Recorded data
^^^^^^^^^^^^^^^^

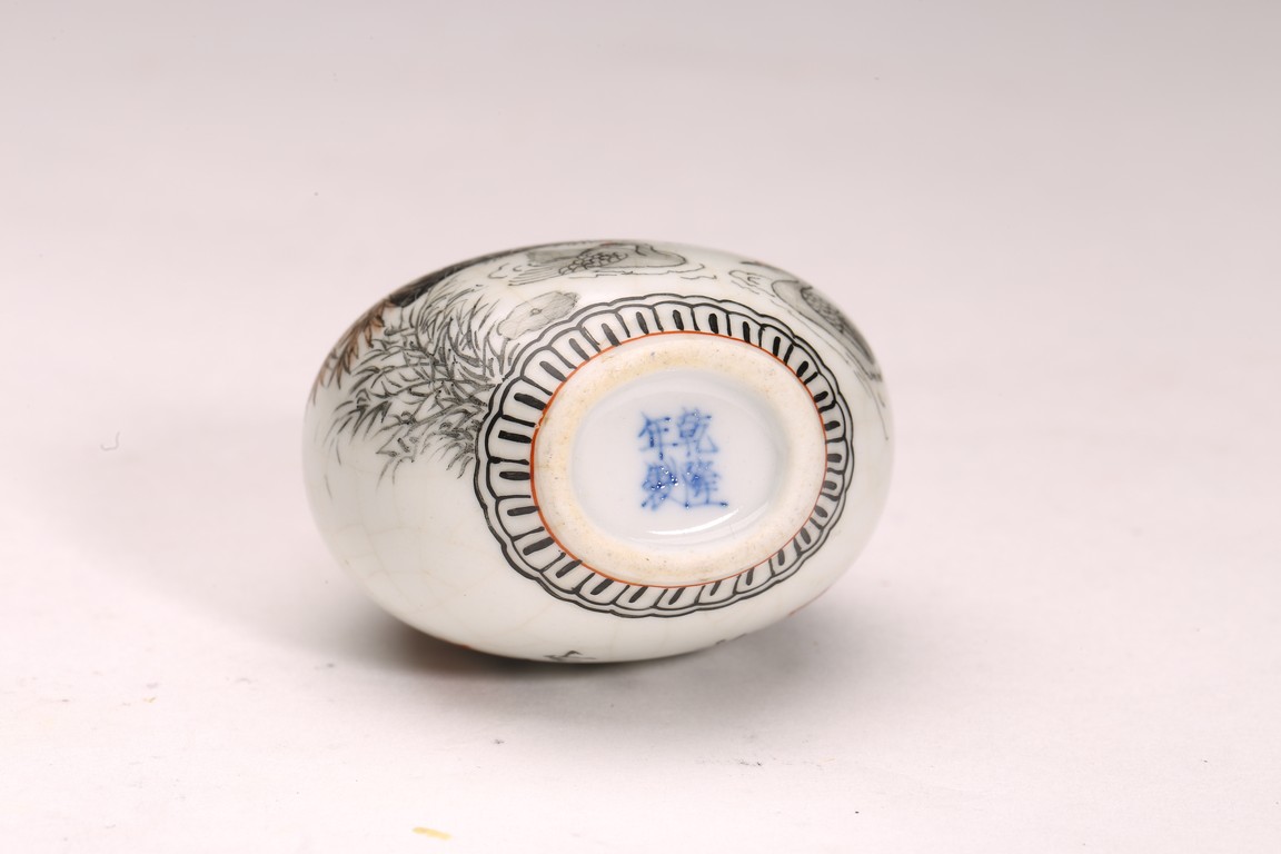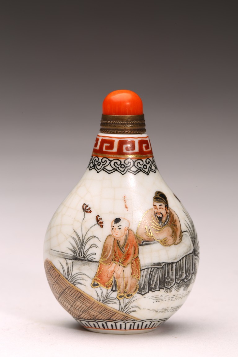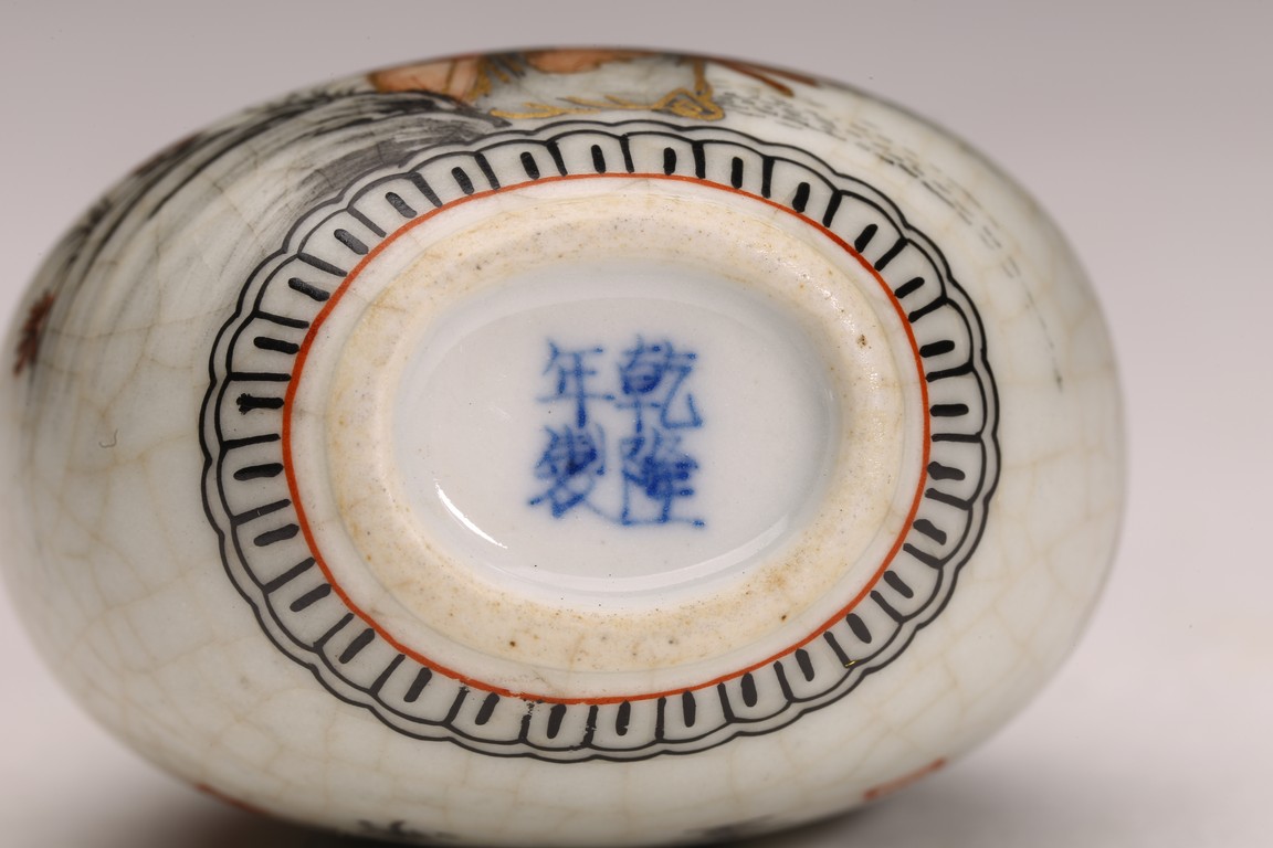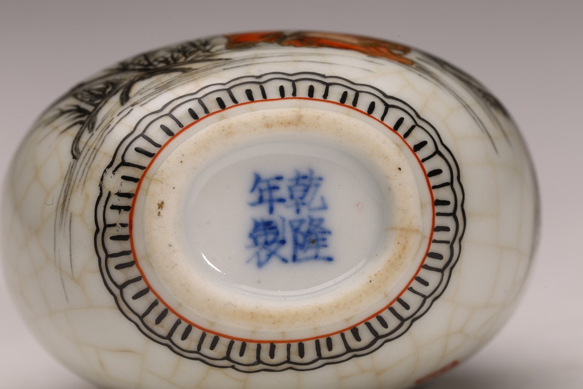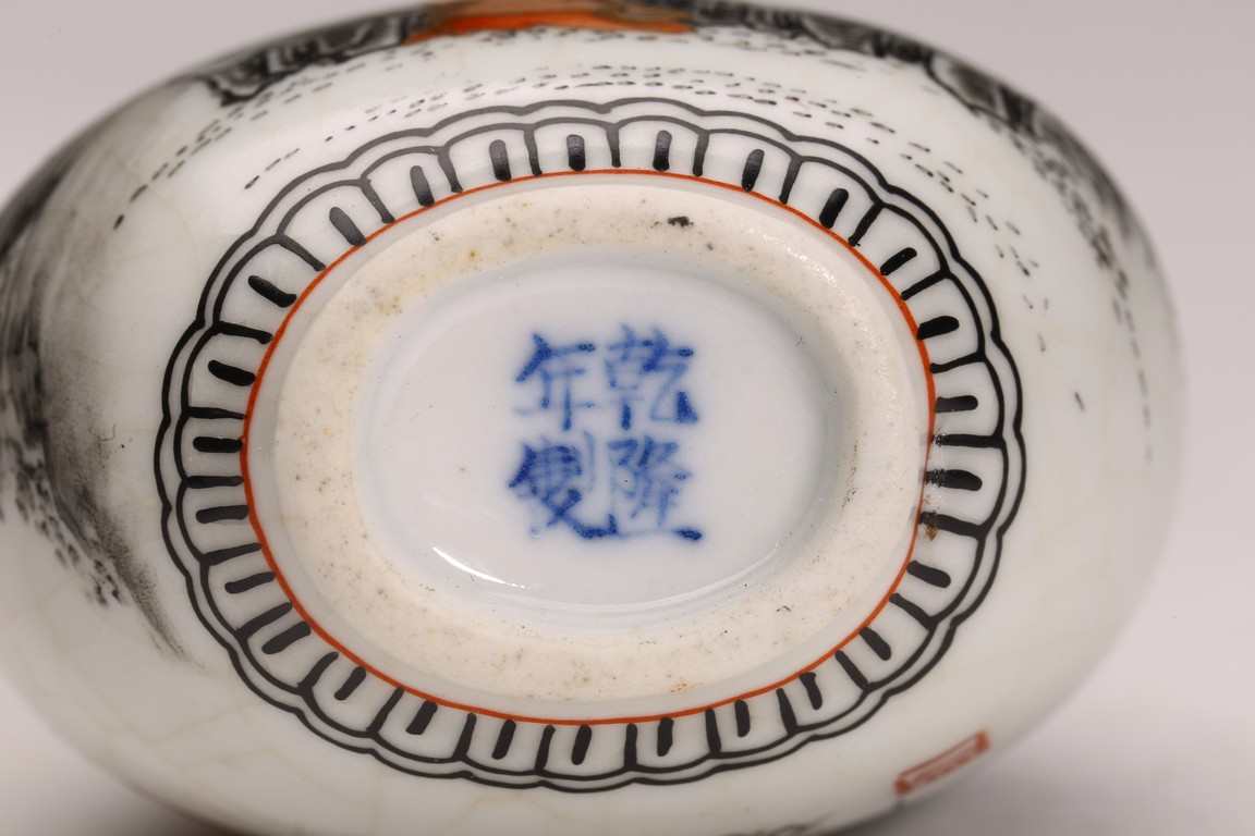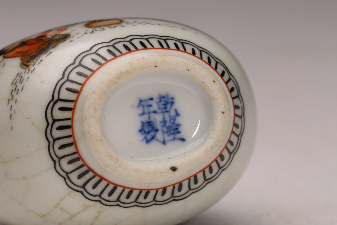 Comprising of 10 painted snuff bottles. Each depicting elderly figure accompanied by young attendant. Base with four character Qianlong mark. Stands in photos not included.
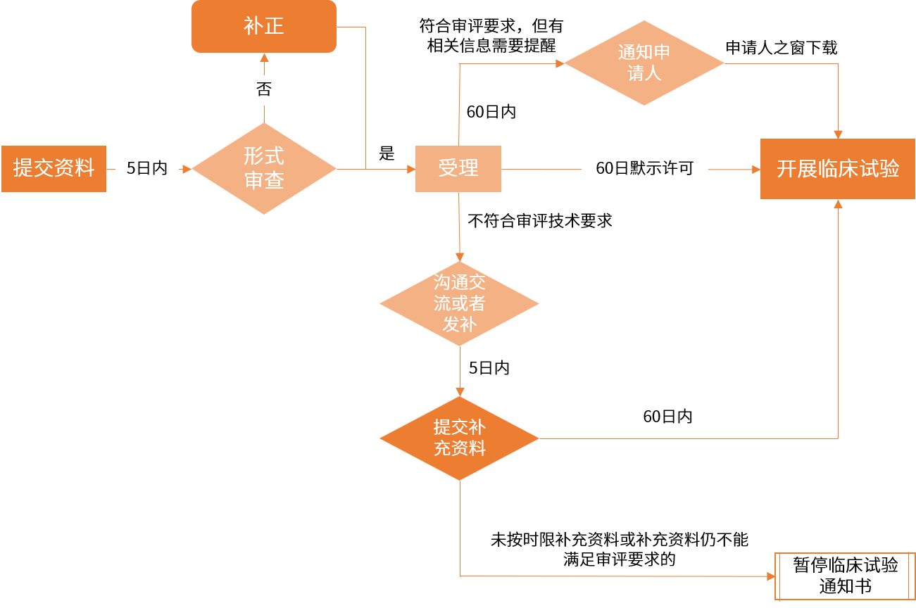 ※ 特別注意:對于技術指南明確、藥物臨床試驗有成熟研究經驗,申請人能夠保障申報資料質量的,或國際同步研發的國際多中心臨床試驗申請,在監管體系完善的國家和地區已經獲準實施臨床試驗的,申請人可不經溝通交流直接提出臨床試驗申請。
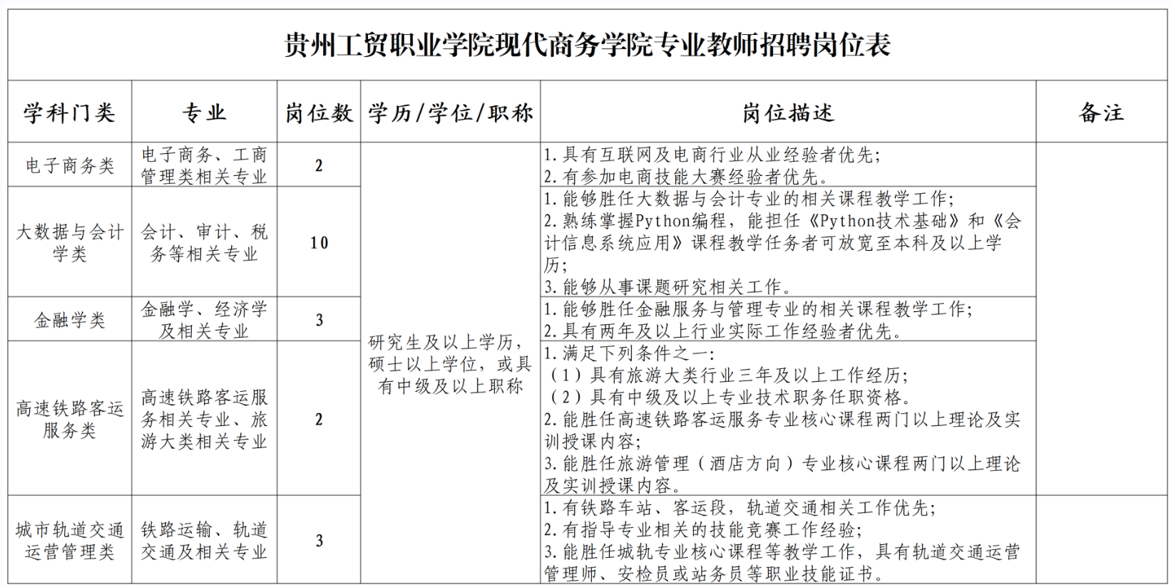 2.简历初筛通过人员将会电话通知面试,面试通过人员名单将在贵州工贸职业学院微信公众号(贵州工贸职业学院)及官方网站上进行公示,请应聘人员自行查看。未进入面试、面试未通过,不再另行通知。
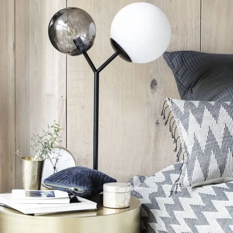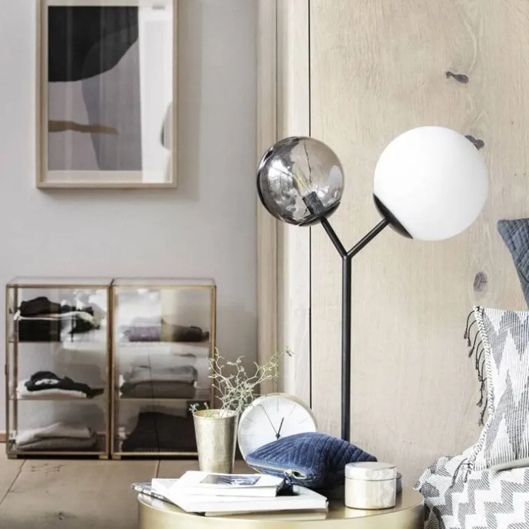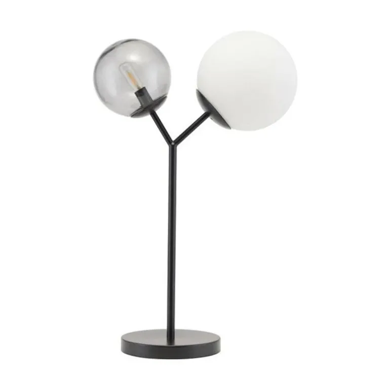 Prachtige House Doctor Twice tafellamp. Deze zwarte Twice tafellamp is gemaakt van metaal en heeft een wit en grijze lampenkap van glas. De hoogte van de lamp is 42cm. Wordt geleverd met een 2,5m lang snoer en is geschikt voor een E14 fitting met 40W max.
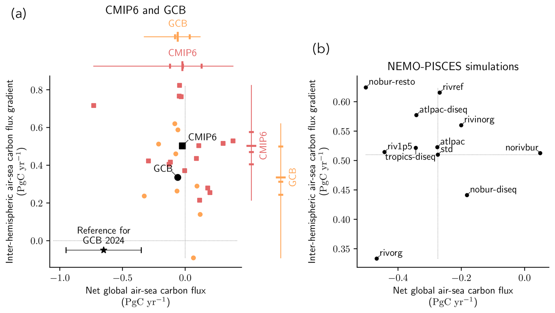 Figure 2Pre-industrial air–sea carbon flux from models. The globally integrated pre-industrial flux (x axis) and its inter-hemispheric gradient (y axis) are indicated for (a) CMIP6 Earth system models (ESMs) and GCB Global Ocean Biogeochemical Models (GOBMs), as well as for (b) the NEMO-PISCES sensitivity simulations. (a) The 15 CMIP6 ESMs (10 GCB GOBMs; see Appendix B1) are plotted with red squares (orange circles). The black square and circle refer to the CMIP6 and GCB ensemble means. The CMIP6 and GCB ensemble ranges (line), mean (major tick), and quartiles (minor ticks) are respectively displayed to the top and right in red and orange. The star refers to the reference value used in the GCB 2024 (Table 1; Friedlingstein et al., 2025). The inter-hemispheric air–sea carbon flux gradient is defined as the difference between its values in the Northern Hemisphere and Southern Hemisphere (Sect. 2.1.4).
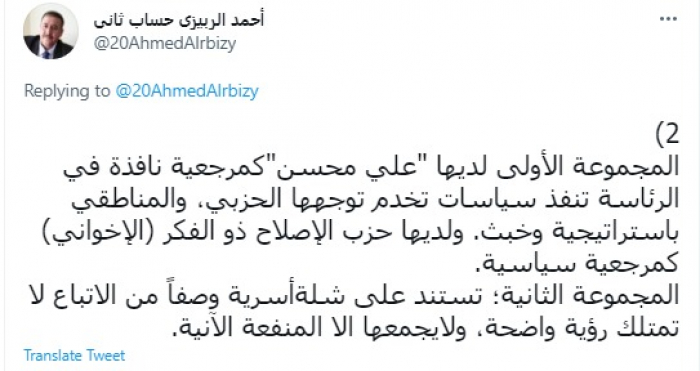 وأضاف: "المجموعة الأولى لديها علي محسن كمرجعية نافذة في الرئاسة تنفذ سياسات تخدم توجهها الحزبي، والمناطقي باستراتيجية وخبث. ولديها حزب الإصلاح ذو الفكر (الإخواني) كمرجعية سياسية، المجموعة الثانية تستند على شلة أسرية وصفا من الأتباع لا تمتلك رؤية واضحة، ولايجمعها إلا المنفعة الآنية".
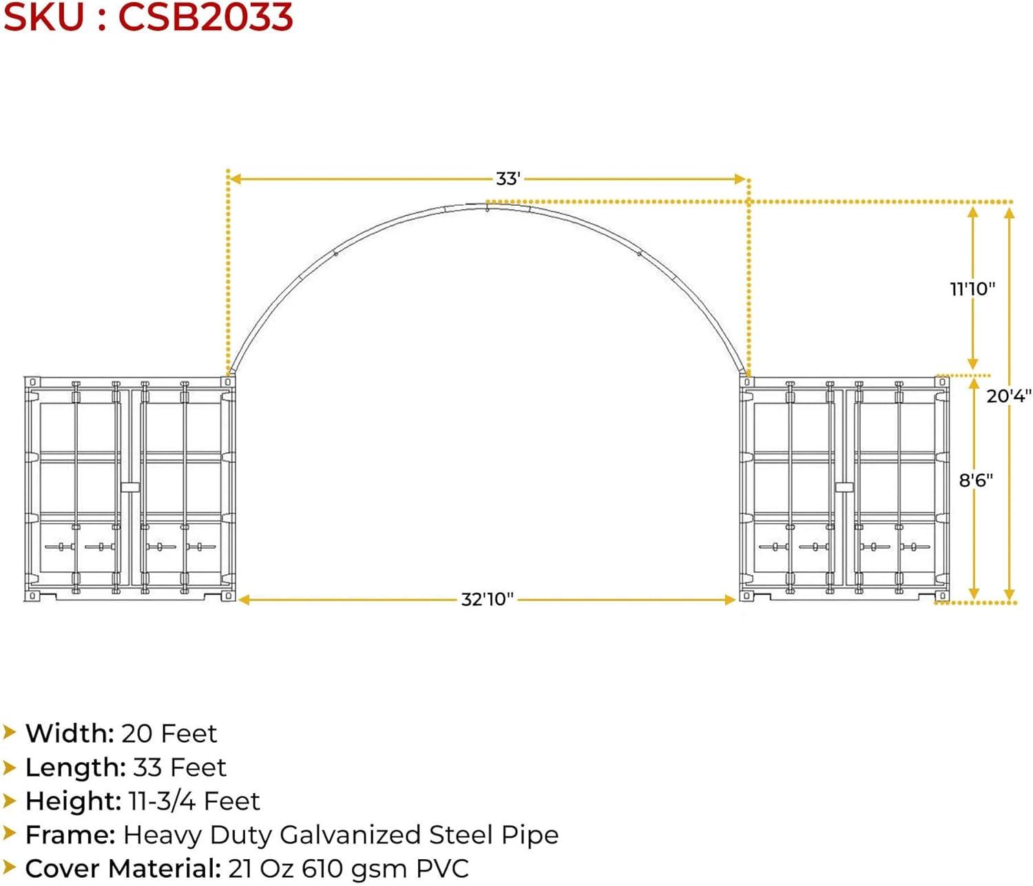 Mytee Products Shipping Container Canopy Shelter Kit - 40'(L) x 40'(W) 21 Oz 610 GSM PVC White Cover Storage Container Roof with Back End Wall - Snow, UV and Weather-Resistant(20 x 33 Feet)
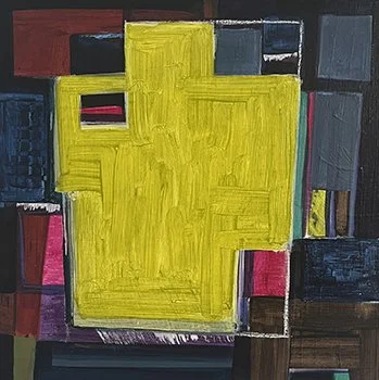 Catherine Orrok’s abstract acrylic paintings use a grid-like structure to order invented space. She emphasizes process and materiality through the application of paint with evident brush marks, lending a duality to the work. On the one hand, we see a perceptual response to the forms and colors; at the same time, we feel the physicality of the object. Working within a constrained format like a square, or the elongated vertical of Are We There Yet, calls attention to the substance of painting. As Orrok states, “The shapes, format, paint-handling, and touch all contribute to the creation of a little world that is unique to each painting.”
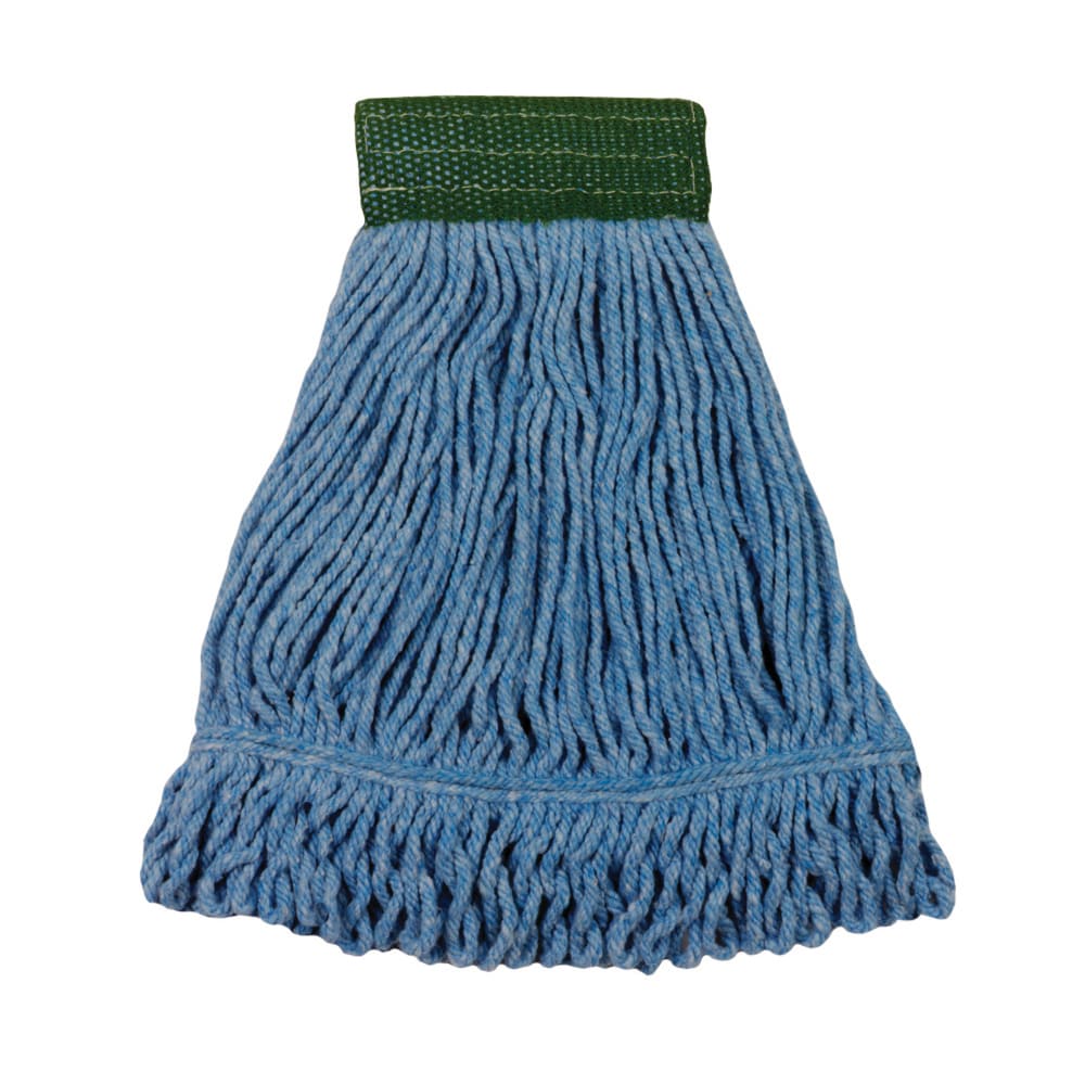 This large, blue looped‐end mop head features a wide headband and the economical blended fibers of the Bulldog line. It is a good choice for upgrading from a cut‐end mop for general cleaning.

^^^^^^^^^^^^^^^^

● **ACTIVITY**: Could you please write out exactly the lines from the start of the entries above through the line that holds "2.简历初筛通过人员将会电话", both included, with no pictures?

● **ANSWER BELOW**:
 Comprising of 10 painted snuff bottles. Each depicting elderly figure accompanied by young attendant. Base with four character Qianlong mark. Stands in photos not included.
 ※ 特別注意:對于技術指南明確、藥物臨床試驗有成熟研究經驗,申請人能夠保障申報資料質量的,或國際同步研發的國際多中心臨床試驗申請,在監管體系完善的國家和地區已經獲準實施臨床試驗的,申請人可不經溝通交流直接提出臨床試驗申請。
 2.简历初筛通过人员将会电话通知面试,面试通过人员名单将在贵州工贸职业学院微信公众号(贵州工贸职业学院)及官方网站上进行公示,请应聘人员自行查看。未进入面试、面试未通过,不再另行通知。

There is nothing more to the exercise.